Hydrothermal coliquefaction of anaerobic digestate with polyphenolic extracts from agricultural byproducts producing nearly nitrogen-free biocrude oil†

We studied the potential of producing biocrude with ultralow nitrogen content via hydrothermal coliquefaction (co-HTL) of sewage sludge digestate and various polyphenolic extracts from apple pomace, olive pomace, spent coffee grounds, and sweet orange peels.
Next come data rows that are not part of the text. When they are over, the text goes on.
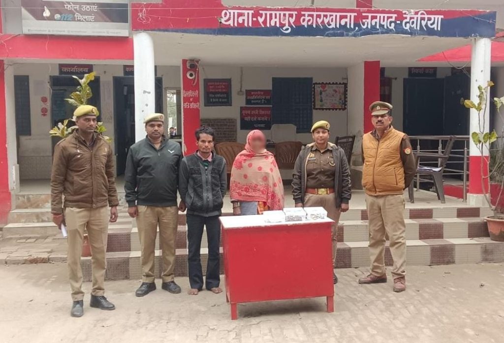 थाना रामपुर कारखाना पर पंजीकृत मुकदमा से संबंधित अभियुक्त राकेश पुत्र स्व0 बिल्लू प्रसाद निवासी वार्ड नं0 01 थाना रामपुर कारखाना जनपद देवरिया, प्रकाश में आयी अभियुक्ता लीलावती पत्नी उमेश निवासी वार्ड नं0 01 थाना रामपुर कारखाना जनपद देवरिया तथा 01 बाल अपचारी को मुखबिर की सूचना पर डूमरी तिराहे के पास से गिरफ्तार किया गया।
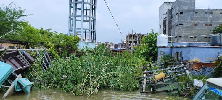 दरभंगा. कुछ घंटे की बारिश में सीएम साइंस कॉलेज परिसर फिर जलमग्न हो गया. कालेज में गुरुवार से सीआइए की परीक्षा शुरू हुई है. इसमें शामिल होने वाले परीक्षार्थियों को भारी कठिनाइयों का सामना करना पड़ा. खासकर छात्राओं एवं महिला प्राध्यापिका व कर्मचारी परेशान रहे. परिसर में घुटना भर पानी जमा हो गया है. इससे कालेज प्रशासन की चिंता बढ़ गयी है. विभिन्न कार्यालयों में पानी घुस गया है. प्रधानाचार्य प्रो. दिलीप कुमार चौधरी ने बताया कि परिसर में लगातार जलजमाव से निदान का अनुरोध नगर निगम एवं जिला प्रशासन से करने के बाद भी स्थिति जस की तस है. कहा कि कालेज परिसर के चारों ओर के नाला को अतिक्रमित कर लिए जाने से हल्की बारिश में भी काॅलेज में जलजमाव हो जाता है.
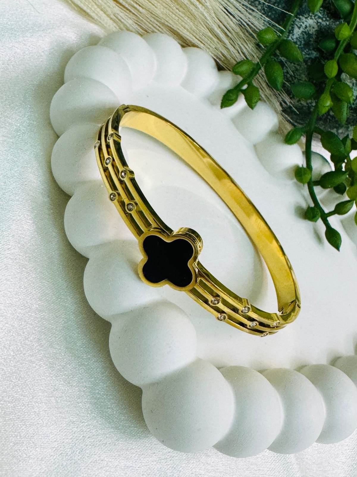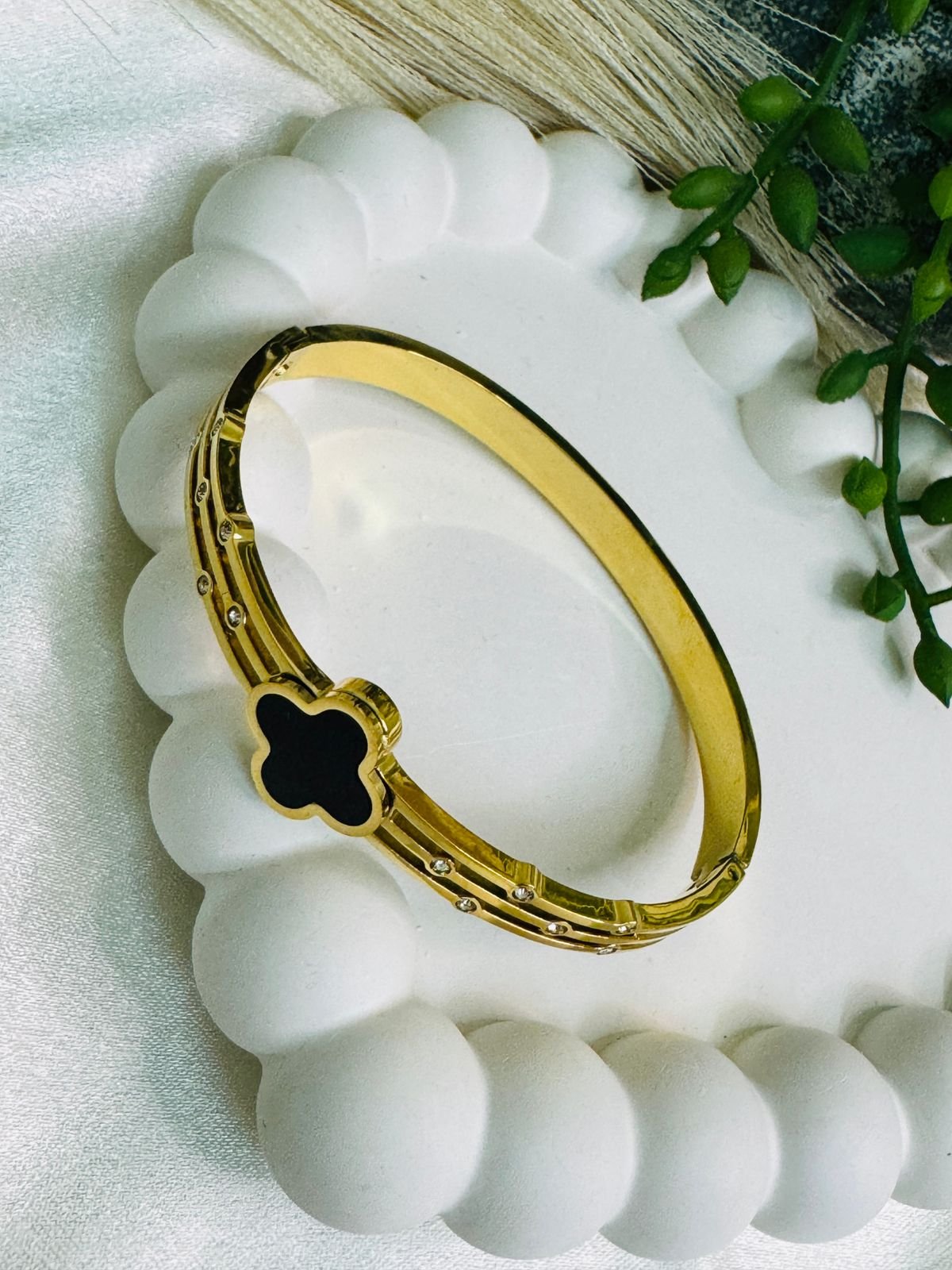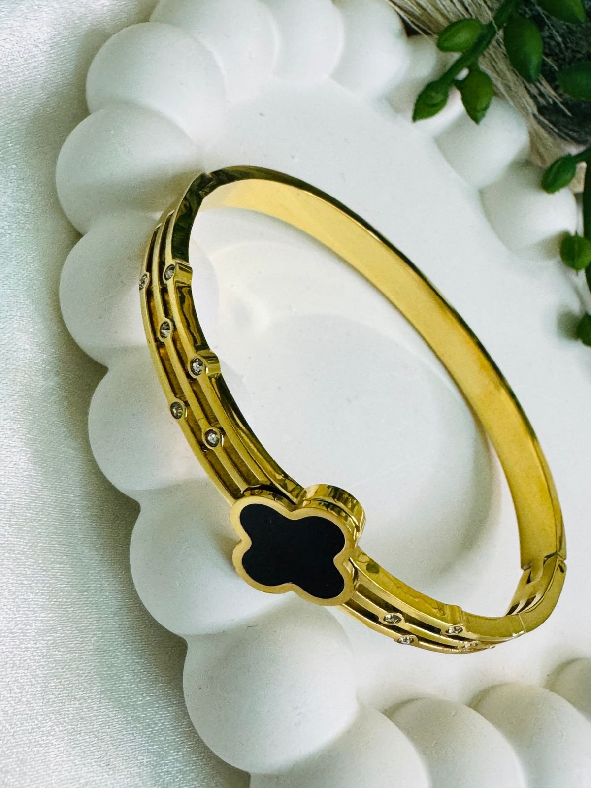 Be the first to review “Gold-plated, anti-tarnish bangle bracelet featuring a black enamel four-leaf clover charm and embedded zircon accents.” Cancel reply
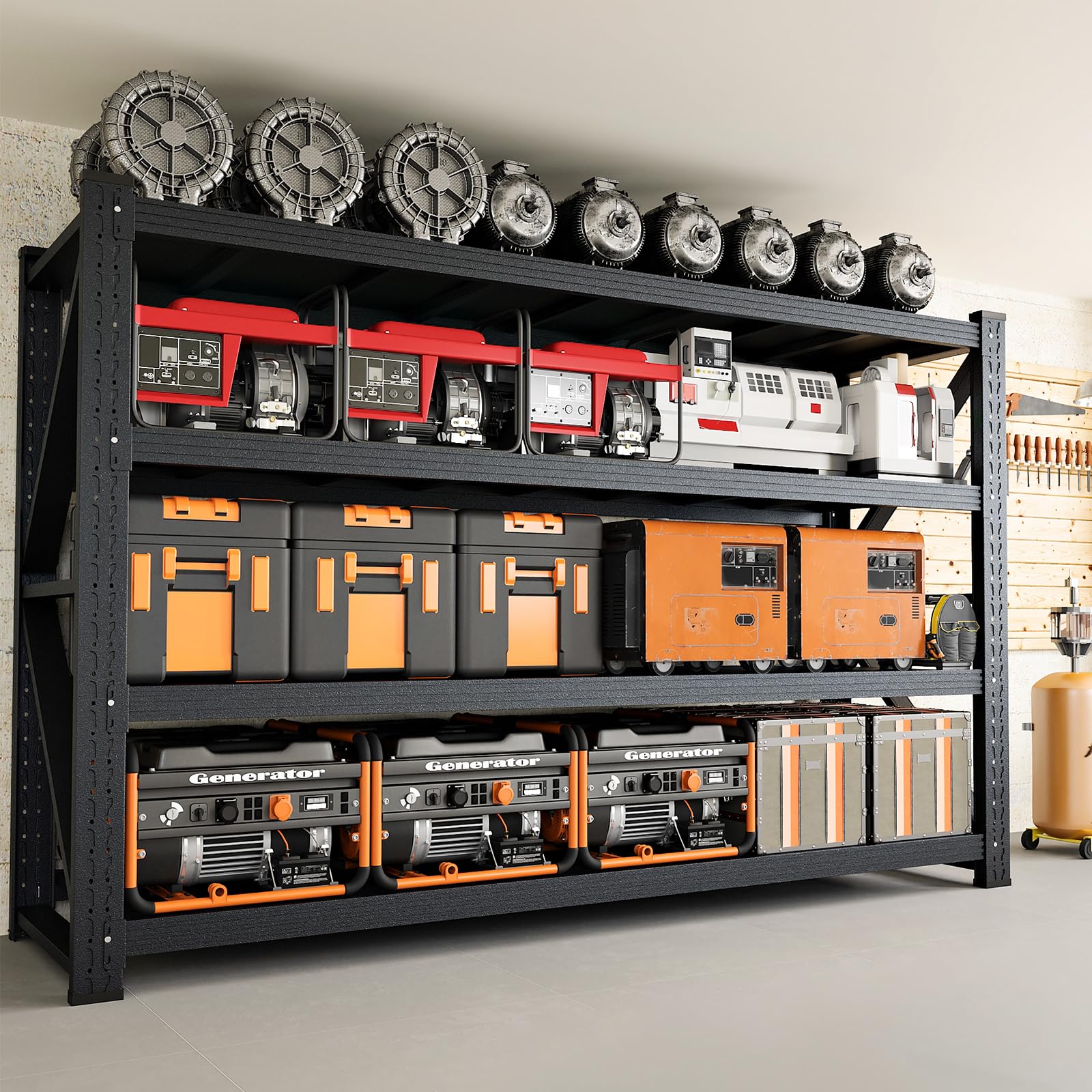 - Our Super Heavy-Duty Garage Shelving Unit features adjustable shelves that can be easily moved to accommodate items of different sizes. The locking pins also add an extra layer of security, preventing accidental disassembly and ensuring that your items remain safely stored. This user-friendly design makes our heavy-duty shelving unit a practical and convenient solution for a wide range of storage applications
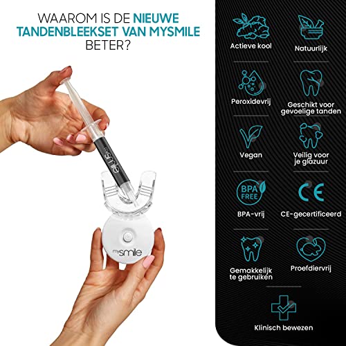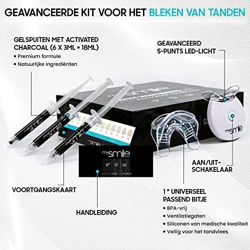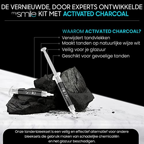 mysmile tandenbleekset – Tandenbleker om zelf tanden te bleken met activated charcoal – Zonder peroxide en verrijkt met natuurlijke ingrediënten – Teeth Whitening Kit tegen gele tanden
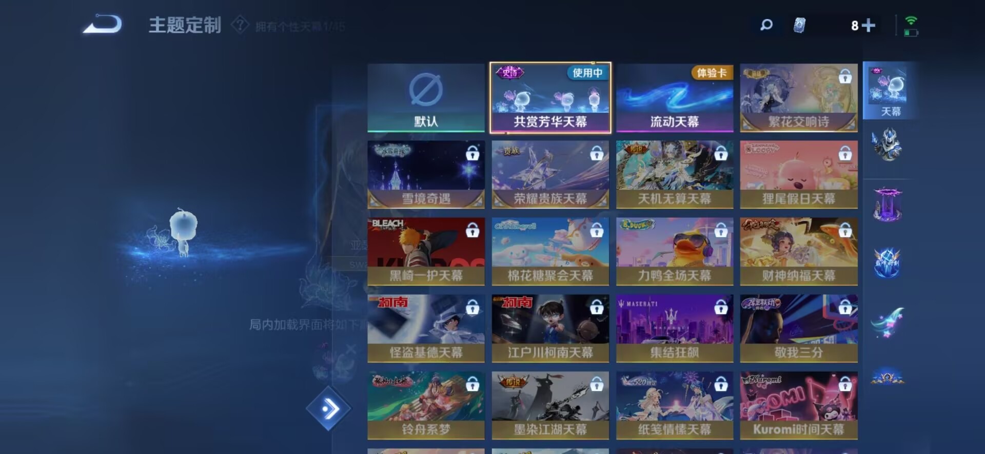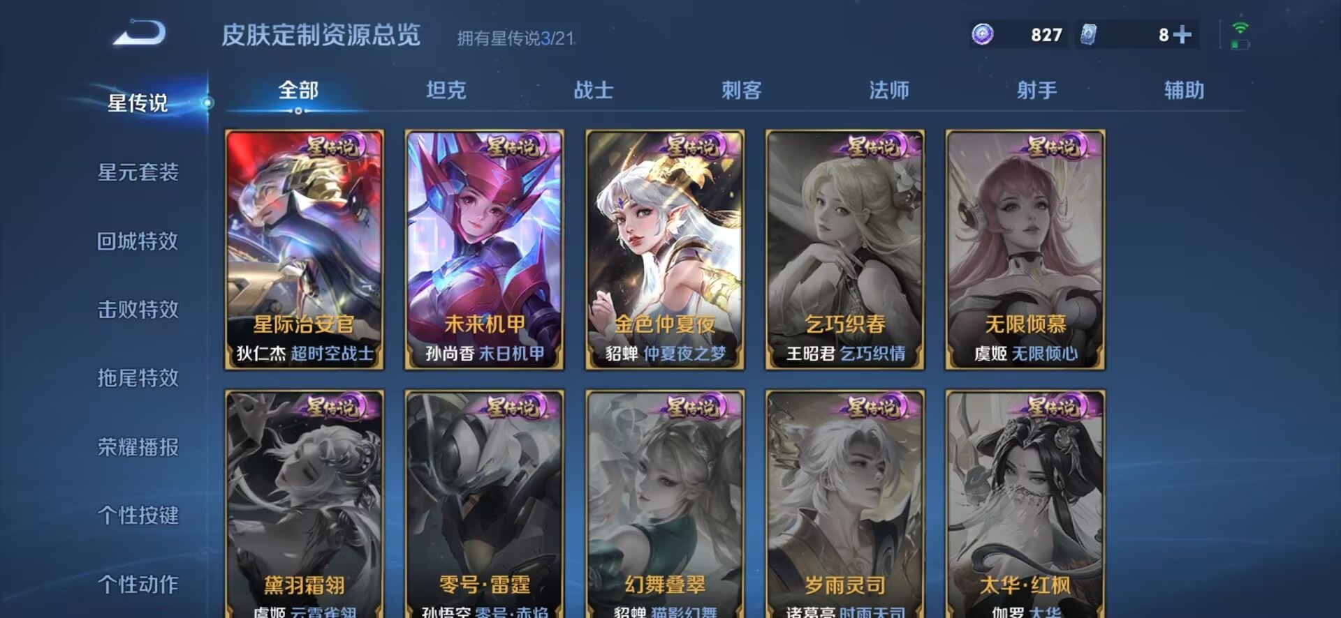 刘邦德古拉伯爵,阿轲节奏热浪,铠曙光守护者,曹操幽灵船长,廉颇地狱岩魂,小乔缤纷独角兽,孙策猫狗日记,吕布圣诞狂欢,吕布末日机甲,诸葛亮黄金分割率,刘禅天才门将,刘禅绅士熊喵,宫本武藏鬼剑武藏,公孙离无限星赏官,兰陵王暗隐猎兽者,貂蝉圣诞恋歌,李白千年之狐,安琪拉时之奇旅,艾琳奇遇舞章,白起星夜王子,嬴政摇滚巨星,嬴政暗夜贵公子,雅典娜冰冠公主,李元芳逐浪之夏,百里守约特工魅影,墨子龙骑士,墨子金属风暴

We investigated the combined effects of the polyphenol profile, reaction temperature (280–370 °C), and feedstock pH (3–11) on product formation and element migration and speciation including the responsible reaction mechanisms and their kinetics and thermodynamics. In general, high contents of epicatechin, quercetin, caffeic acid, ferulic acid, and gallic acid in the feedstock mixture caused a significant reduction in the N-content of biocrude by trapping cellulose-derived α-dicarbonyls/α-hydroxycarbonyls (i.e., key precursors for N-fixing reactions in biocrude) and converting them into solid and aqueous N-polyheterocycles and amidated O-polyheterocycles via several mechanisms, e.g., electrophilic aromatic substitution, nucleophilic addition, Paal–Knorr furan synthesis, and amination. Coupled with more acidic conditions and higher reaction temperatures, the rate of carbonyl trapping was improved as the activation energy decreased and the nitrogen distribution into hydrochar was enhanced via endothermic amidation of the –COOH group on hydrochar. This was followed by the promoted depolymerization of lignocellulose into more-stable biocrude constituents and the improved deoxygenation of biocrude via dehydration, minimizing carbon loss. Thus, co-HTL of acidic (pH 3) mixtures of digestate and polyphenolic extracts at 370 °C for 60 min produced biocrude with an acceptable mass yield of around 30% and desirable elemental content compatible with upgrading in oil refineries, i.e., C: 72.0–73.8%, H: 9.1–10.4%, N: 0.04–0.27%, S: 0.01–0.03%, and O: 16.3–18.3%.